The first step is to scrape a list of all of these circled archive date urls.  I do this for every year for the general Bay Area link http://sfbay.craigslist.org/apa and for the regional links http://sfbay.craigslist.org/sfc/apahttp://sfbay.craigslist.org/scz/apa, http://sfbay.craigslist.org/eby/apahttp://sfbay.craigslist.org/nby/apahttp://sfbay.craigslist.org/sby/apa, and http://sfbay.craigslist.org/pen/apa.

I do this by looping over each year and each region. The first step of the loop constructs the links to the archive calendar for each of these regions in each year. Then the code follows each link using Selenium, and scrapes the archive dates using BeautifulSoup. 

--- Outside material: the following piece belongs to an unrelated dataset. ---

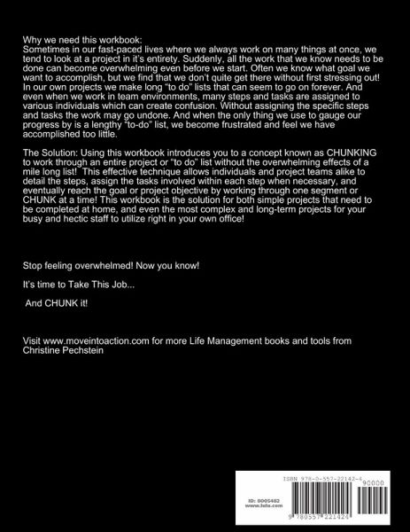 Using this workbook introduces you to a concept known as CHUNKING to work through an entire project or "to do" list without the overwhelming effects of a mile long list! This effective technique allows individuals and project teams alike to detail the steps, assign the tasks involved within each step when necessary, and eventually reach the goal or project objective by working through one segment or CHUNK at a time! This workbook is the solution for both simple projects that need to be completed at home, and even the most complex and long-term projects for your busy and hectic staff to utilize right in your own office!

The first step is figuring out what are these archive date links are called in the html, so we construct the links. To see the elements of any web page, just right-click and select `Inspect’ from the dropdown menu. Browse through the html until you find the elements you’re interested in.  They’ll be contained in a labeled chunk — you can recover the information you’re interested in by calling the name of the chunk.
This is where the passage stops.